University of Wisconsin–Madison Chancellor Rebecca Blank added, “The health and safety of our student-athletes and coaching staff has always been my biggest concern when thinking about playing a Big Ten Football season this year. These concerns led the Big Ten Council of Chancellors and Presidents (COP/C) to postpone the season in August. Since that time, many people have worked hard to answer the questions and concerns that resulted in postponement. My fellow presidents and chancellors have had extensive conversations with doctors and medical advisors and believe that a testing plan that relies on daily, rapid testing of all student-athletes and coaching staff is now feasible and affordable. Medical advisors to the Big Ten have produced clear protocols for testing, isolation, and return to play. They also have a protocol to check any athletes who become ill for heart-related problems. With these protocols, the health concerns that I had in August have been allayed.
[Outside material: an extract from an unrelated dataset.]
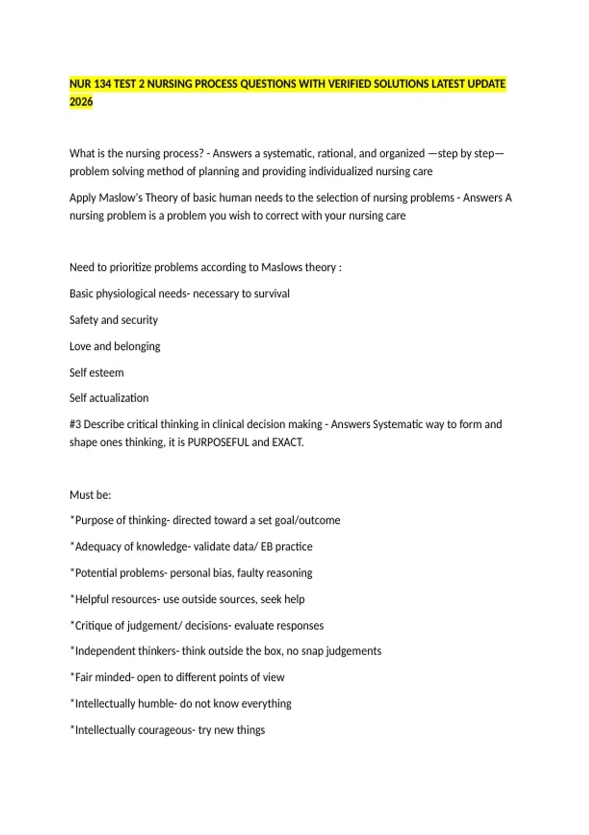 NUR 134 TEST 2 NURSING PROCESS QUESTIONS WITH VERIFIED SOLUTIONS LATEST UPDATE 2026 What is the nursing process? - Answers a systematic, rational, and organized —step by step— problem solving method of planning and providing individualized nursing care Apply Maslow's Theory of basic human needs to the selection of nursing problems - Answers A nursing problem is a problem you wish to correct with your nursing care Need to prioritize problems according to Maslows theory : Basic physiological needs- necessary to survival Safety and security Love and belonging Self esteem Self actualization #3 Describe critical thinking in clinical decision making - Answers Systematic way to form and shape ones thinking, it is PURPOSEFUL and EXACT. Must be: *Purpose of thinking- directed toward a set goal/outcome *Adequacy of knowledge- validate data/ EB practice *Potential problems- personal bias, faulty reasoning *Helpful resources- use outside sources, seek help *Critique of judgement/ decisions- evaluate responses *Independent thinkers- think outside the box, no snap judgements *Fair minded- open to different points of view *Intellectually humble- do not know everything *Intellectually courageous- try new things Integrity- sensitive to discrepancies *Curious and preserving- keep asking why, seeks new knowledge *Creative- brainstorming, problem solving *Confidence- sure do their decision What is the nursing process and its importance? - Answers ADPIE 1) Assess- the pt to determine the need for nursing care 2) Diagnose- determine the nursing diagnoses for actual and potential health problems 3) Planning- identify outcome and plan care 4) Impliment the care 5) Evaluatethe the results

The Big Ten has also agreed to pay for the testing, which will be done in a uniform manner in all schools.”

On Tuesday, Chancellor Blank said Big Ten football would remain on hold until there are answers to questions about COVID-19 testing and tracing, along with possible long-term heart issues related to the coronavirus.

“Above all, I support our coaches and student-athletes and want them to have the opportunity to safely compete, if possible,” Blank continued on Wednesday. “I believe the plan put forward by the Return to Competition Committee, with its extensive safety protocols and tight controls, allows that to happen.  I’m particularly grateful to Athletic Director Barry Alvarez, who led the Return to Competition Committee, which developed a viable schedule. While football will probably begin competition before other sports, these protocols will cover all sports. Updates regarding fall sports other than football, as well as winter sports that begin in the fall, will be announced by the Big Ten soon. There are still many details to be worked out, but I will be happy to see the Badgers return to competition in 2020.”